[PROBLEM REQUIREMENTS]
As you reproduce every line below, keep it exactly as written and leave out the images.

[THE DATA]

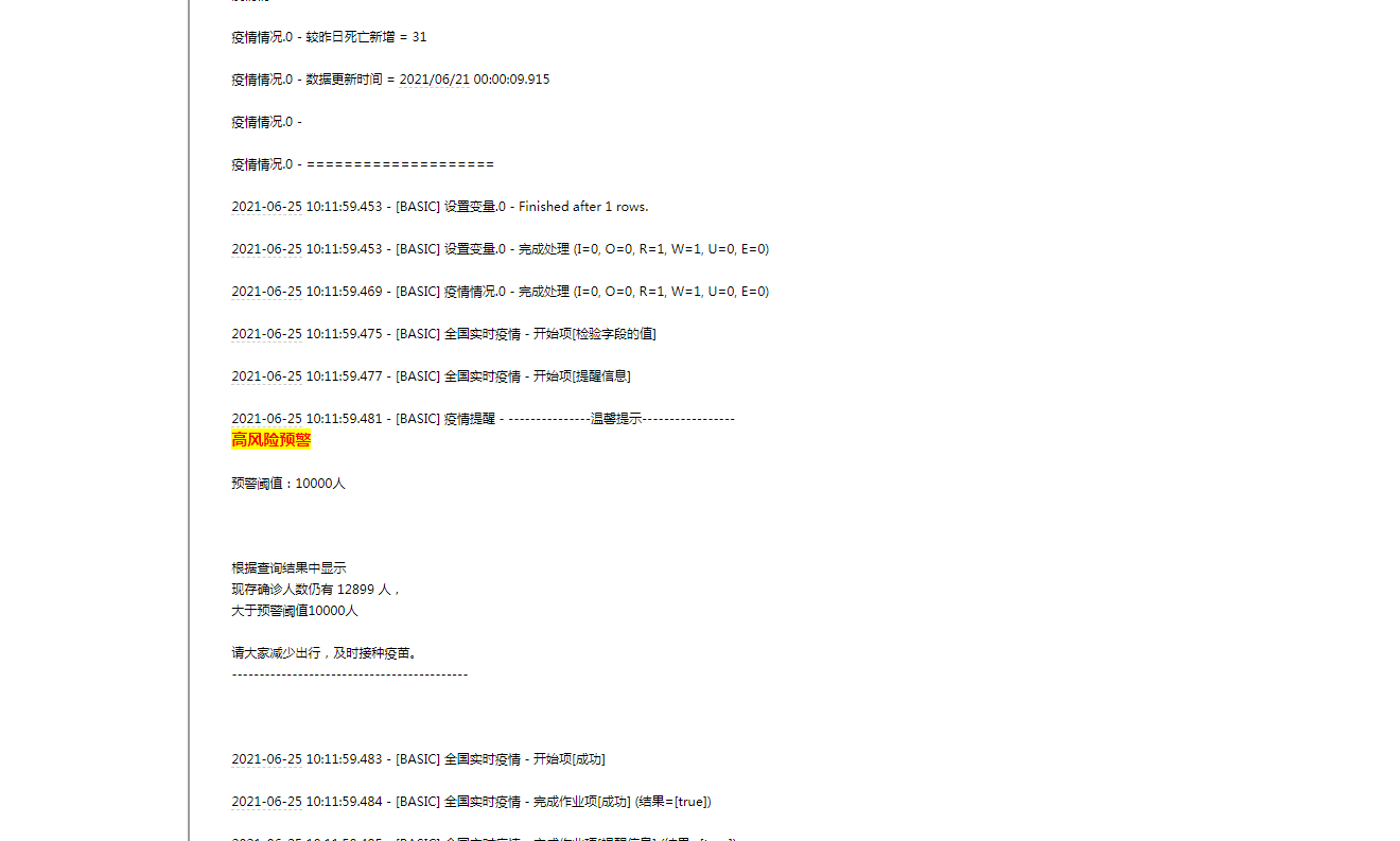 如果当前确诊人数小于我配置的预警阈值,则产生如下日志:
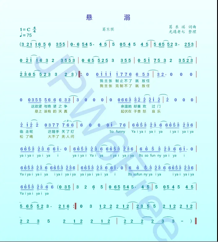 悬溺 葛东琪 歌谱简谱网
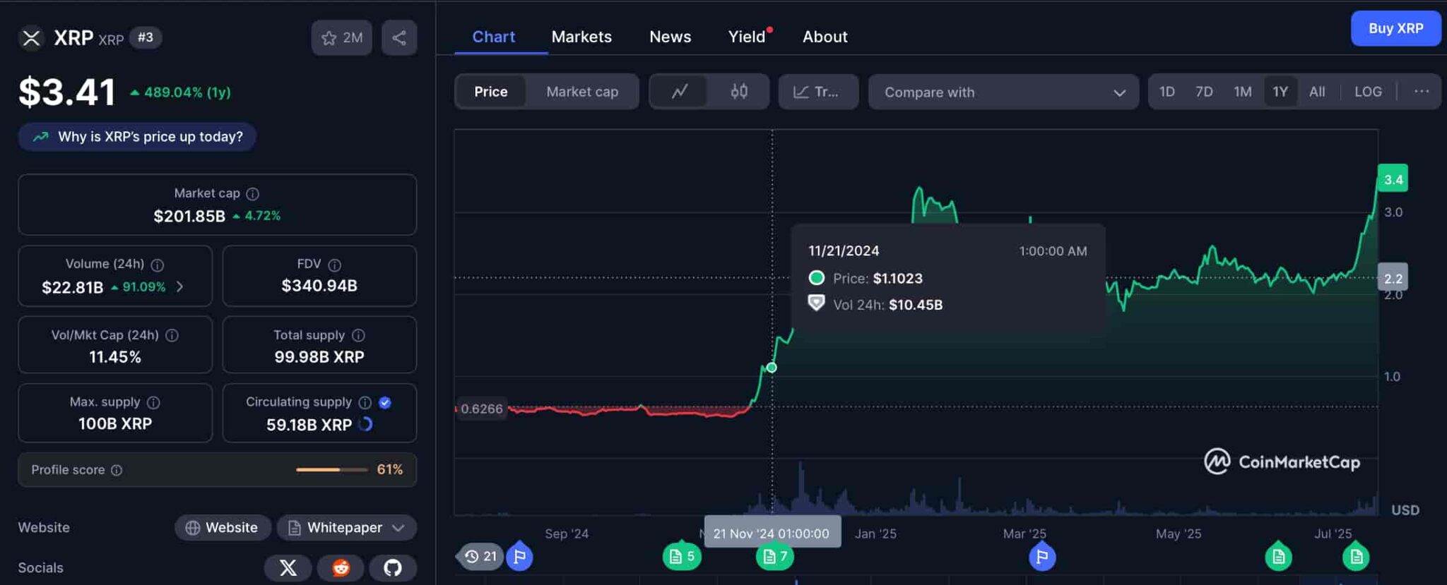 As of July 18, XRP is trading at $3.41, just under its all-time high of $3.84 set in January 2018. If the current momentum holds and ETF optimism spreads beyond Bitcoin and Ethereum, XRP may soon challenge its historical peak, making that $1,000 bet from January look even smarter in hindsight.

[OUTPUT]
 如果当前确诊人数小于我配置的预警阈值,则产生如下日志:
 悬溺 葛东琪 歌谱简谱网
 As of July 18, XRP is trading at $3.41, just under its all-time high of $3.84 set in January 2018. If the current momentum holds and ETF optimism spreads beyond Bitcoin and Ethereum, XRP may soon challenge its historical peak, making that $1,000 bet from January look even smarter in hindsight.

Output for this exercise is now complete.